The Maharashtra government Tuesday said a “model compensation and rehabilitation package” would be worked out for the people who would be affected by the “country’s biggest oil refinery project” in coastal Konkan. The government also constituted a committee to take ahead the green refinery project that is expected to bring Rs 1 crore investment and generate employment for nearly 1 lakh people.
Chief Minister Devendra Fadnavis had convened a meeting Tuesday with local politicians, officials representing Indian Oil, BPCL, Hindustan Petroleum, and various non-government organisations under the banner of Konkan Vinashkari Prakalp Virodhi Samiti.
Giving nod to include representatives from every organisation in the coordination committee, Fadnavis got experts to dispel fears about pollution likely to be caused by the oil refinery. The presentation showed the green oil refinery would not pose any hazard to the environment, with the CM claiming it would lead to “zero pollution”.
Ever since the project was cleared a year ago by the Union cabinet, there have been environmental concerns from various quarters, including NDA ally Shiv Sena.
Stating that Maharashtra had taken a lead in the country to provide the “best compensation and rehabilitation package to people affected by projects”, Fadnavis directed the officials to come out with a “model package”.
The oil refinery will be set up at Rajapur in Ratnagiri district of Konkan, 400 km from Mumbai.

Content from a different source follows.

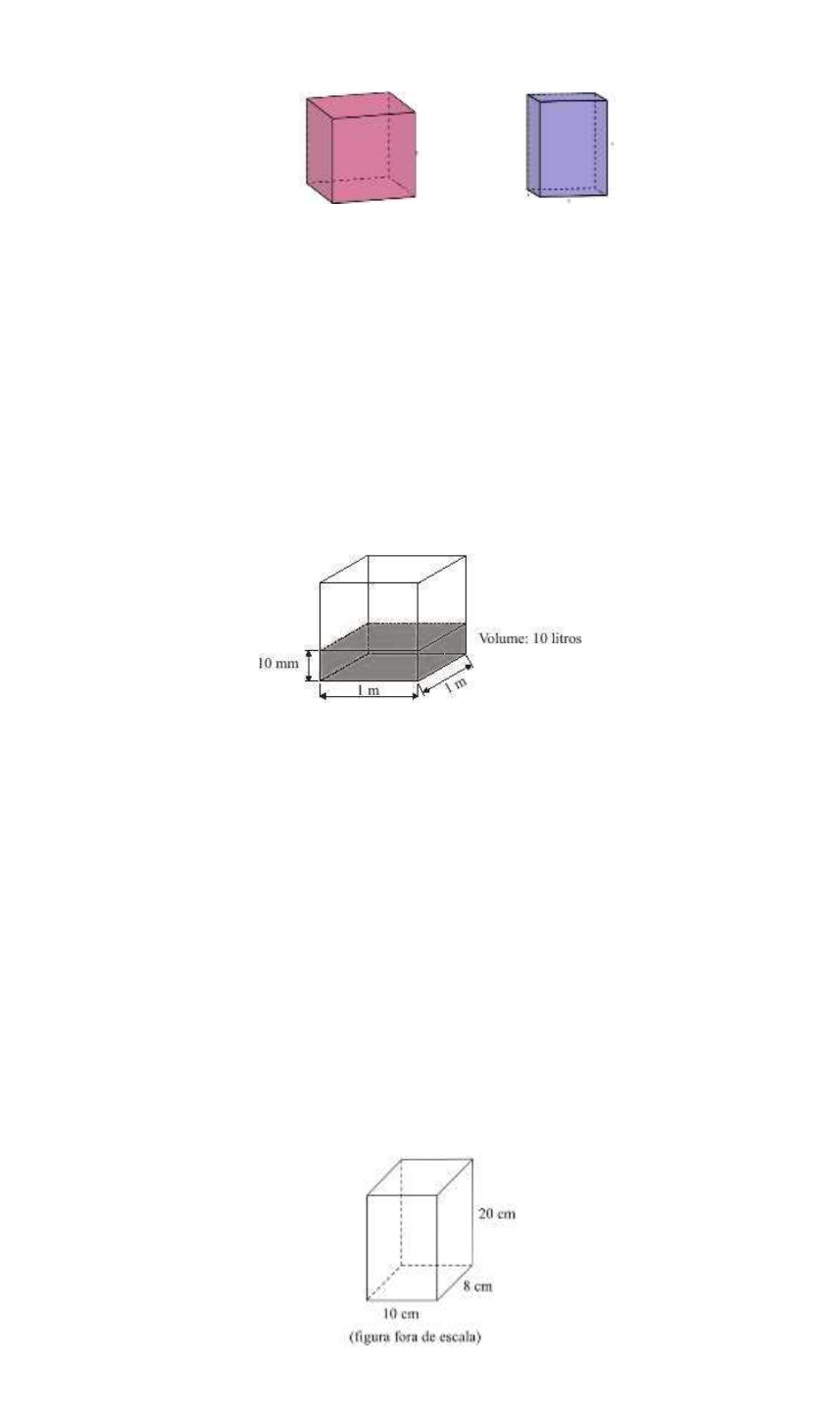Exercícios Cubo Paralelepípedo At = 6a2 At = 2ab+2ac+2bc V = a3 V = abc 1) Uma das caixas de embalagens usadas pelos CORREIOS tem forma de um paralelepípedo retângulo de área total igual a 352 cm². Se as dimensões desta caixa estão proporcionais aos números 1, 2 e 3, então as medidas são, em cm a) 4, 8 e 12 b) 2, 4 e 12 c) 12, 24 e 36 d) 10, 20 e 30 e) 15, 20 e 35 2) Quando se diz que numa determinada região a precipitação pluviométrica foi de 10 mm, significa que a precipitação naquela região foi de 10 litros de água por metro quadrado, em média. Se numa região de 10 km2 de área ocorreu uma precipitação de 5 cm, quantos litros de água foram precipitados? a) 5 x 107 b) 5 x 108 c) 5 x 109 d) 5 x 1010 e) 5 x 1011 3) Um queijo tem o formato de paralelepípedo, com dimensões 20 cm x 8 cm x 5 cm. Sem descascar o queijo, uma pessoa o divide em cubos com 1 cm de aresta, de modo que alguns cubos ficam totalmente sem casca, outros permanecem com casca em apenas uma face, alguns com casca em duas faces e os restantes com casca em três faces. Nesse caso, o número de cubos que possuem casca em apenas uma face é igual a) 344 b) 360 c) 324 d) 368 e) 396 4) Certa empresa fabrica xarope de açaí, acondicionado em vasilhames na forma de um paralelepípedo retângulo de dimensões 8 cm, 10 cm e 20 cm (medidas internas). Cada vasilhame custa para a empresa R$ 0,30. O valor exato gasto com vasilhames pela empresa para acondicionar 9 600 cm³ do xarope é a) R$ 0,60 b) R$ 1,20 c) R$ 1,80 d) R$ 12,00 e) R$ 18,00 https://1.bp.blogspot.com/-aWILEcLbrq4/W70PlUJRPMI/AAAAAAAAR8c/XR9PZIduZw04dvIC9d4U4JsF3kgX1vCtACLcBGAs/s1600/vpn.rr.jpg 5) Uma fábrica produz barras de chocolates no formato de paralelepípedos e de cubos, com o mesmo volume. As arestas da barra de chocolate no formato de paralelepípedo medem 3 cm de largura, 18 cm de comprimento e 4 cm de espessura. Analisando as características das figuras geométricas descritas, a medida das arestas dos chocolates que têm o formato de cubo é igual a a) 5 cm b) 6 cm c) 12 cm d) 24 cm e) 25 cm 6) O volume de um paralelepípedo reto-retângulo é 240cm³ As áreas de duas de suas faces são 30cm² e 48cm². A área total do paralelepípedo, em cm², é: a) 96 b) 118 c) 236 d) 240 e) 472 7) A siderúrgica “Metal Nobre” produz diversos objetos maciços utilizando o ferro. Um tipo especial de peça feita nessa companhia tem o formato de um paralelepípedo retangular, de acordo com as dimensões indicadas na figura que segue. O produto das três dimensões indicadas na peça resultaria na medida da grandeza: a) massa b) volume c) superfície d) capacidade e) comprimento 8) Alguns objetos, durante a sua fabricação, necessitam passar por um processo de resfriamento. Para que isso ocorra, uma fábrica utiliza um tanque de resfriamento, como mostrado na figura. O que aconteceria com o nível da água se colocássemos no tanque um objeto cujo volume fosse de 2400cm³? a) O nível subiria 0,2cm, fazendo a água ficar com 20,2cm de altura. b) O nível subiria 1cm, fazendo a água ficar com 21cm de altura. c) O nível subiria 2cm, fazendo a água ficar com 22cm de altura. d) O nível subiria 8cm, fazendo a água transbordar. e) O nível subiria 20cm, fazendo a água transbordar. 9) Um petroleiro possui reservatório em formato de um paralelepípedo retangular com as dimensões dadas por 60 m × 10 m de base e 10 m de altura. Com o objetivo de minimizar o impacto ambiental de um eventual vazamento, esse reservatório é subdividido em três compartimentos, A, B e C, de mesmo volume, por duas placas de aço retangulares com dimensões de 7 m de altura e 10 m de base, de modo que os compartimentos são interligados, conforme a figura. Assim, caso haja rompimento no casco do reservatório, apenas uma parte de sua carga vazará. https://4.bp.blogspot.com/-nroLDx7uML8/W70ebqU_PII/AAAAAAAAR8o/WIwiKf1-DScq696Wy-YqjLaGvOzb3N-vgCLcBGAs/s1600/enem.png https://1.bp.blogspot.com/-yblLpW99CsI/W70f9qaFfzI/AAAAAAAAR80/LOaJ4aFUnPMllsegitmncLD4pECF_Q3tQCLcBGAs/s1600/enem.png Suponha que ocorra um desastre quando o petroleiro se encontra com sua carga máxima: ele sofre um acidente que ocasiona um furo no fundo do compartimento C. Para fins de cálculo, considere desprezíveis as espessuras das placas divisórias. Após o fim do vazamento, o volume de petróleo derramado terá sido de a) 1,4 × 10³ m³ b) 1,8 × 10³ m³ c) 2,0 × 10³ m³ d) 3,2 × 10³ m³ e) 6,0 × 10³ m³ 10) Uma piscina vazia, com formato de paralelepípedo reto-retângulo, tem comprimento de 10m, largura igual a 5m e altura de 2m. Ela é preenchida com água a uma vazão de 5000 litros por hora. Considere 1000 litros = 1 m³. Após três horas e meia do início do preenchimento, a altura da água na piscina atingiu: a) 25 cm b) 27,5 cm c) 30 cm d) 32,5 cm e) 35 cm 11) Dois blocos de alumínio, em forma de cubo, com arestas medindo 10 cm e 6 cm, são levados juntos à fusão e em seguida o alumínio líquido é moldado como um paralelepípedo reto de arestas 8 cm, 8 cm e x cm. O valor de x é: a) 16 cm b) 17 cm c) 18 cm d) 19 cm e) 20 cm 12) Num recipiente com a forma de paralelepípedo reto-retângulo, colocou-se água até a altura de 8 cm e um objeto, que ficou flutuando na superfície da água. Para retirar o objeto de dentro do recipiente, a altura da coluna de água deve ser de, pelo menos, 15 cm. Para a coluna de água chegar até essa altura, é necessário colocar dentro do recipiente bolinhas de volume igual a 6 cm³ cada, que ficarão totalmente submersas. O número mínimo de bolinhas necessárias para que se possa retirar o objeto que flutua na água, seguindo as instruções dadas, é de: a) 14 b) 16 c) 18 d) 30 e) 34 https://4.bp.blogspot.com/-FrZ8cGvqFUk/W71Q3jz6rpI/AAAAAAAAR9A/gnm0sLbS0_4Lz_D76j9U7-D-4x3jnfbDACLcBGAs/s1600/enem.png https://1.bp.blogspot.com/-ftegKonNWtA/YBKxVz3b_7I/AAAAAAAAK3U/SEWu9aM3HI4iKpOFlPi8FVDSRS10ypTXACLcBGAsYHQ/s409/paralelep%C3%ADpedo+reto-

The project will be called West Coast Refinery.
Almost 16,000 acres have been identified and declared as industrial zone under the Maharashtra Industrial Development Corporation (MIDC) Act for the project. Fadnavis assured: “We are going to provide best compensation, which would be a model for the entire country as it would have addressed concerns of each and every
family.” He added: “We have adopted a policy to collaborate and not confront. We don’t allow coercion in any of our projects; welfare of people is our top priority.”

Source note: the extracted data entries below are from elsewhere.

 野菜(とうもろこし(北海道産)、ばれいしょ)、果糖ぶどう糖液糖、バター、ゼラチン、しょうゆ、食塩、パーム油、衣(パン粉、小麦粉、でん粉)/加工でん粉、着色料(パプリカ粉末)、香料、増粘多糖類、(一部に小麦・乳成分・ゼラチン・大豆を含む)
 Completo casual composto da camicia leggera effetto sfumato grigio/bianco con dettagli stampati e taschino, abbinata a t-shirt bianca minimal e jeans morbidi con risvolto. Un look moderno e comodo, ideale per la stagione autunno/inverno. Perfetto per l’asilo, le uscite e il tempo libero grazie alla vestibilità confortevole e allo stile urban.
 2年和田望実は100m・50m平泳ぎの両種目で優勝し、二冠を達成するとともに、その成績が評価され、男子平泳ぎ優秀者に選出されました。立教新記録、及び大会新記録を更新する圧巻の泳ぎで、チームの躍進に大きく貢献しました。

The CM also stressed that every development project in the state had adequate safeguards to protect the environment. A senior Shiv Sena minister said, “Initially, we were opposed to the project tooth and nail. We were concerned that the oil refinery would destroy the flora and fauna of the region. But when it was brought to our notice that this would be a green oil refinery, we have decided to cooperate.” He added: “If the villagers are ready to support the project, why would we oppose?”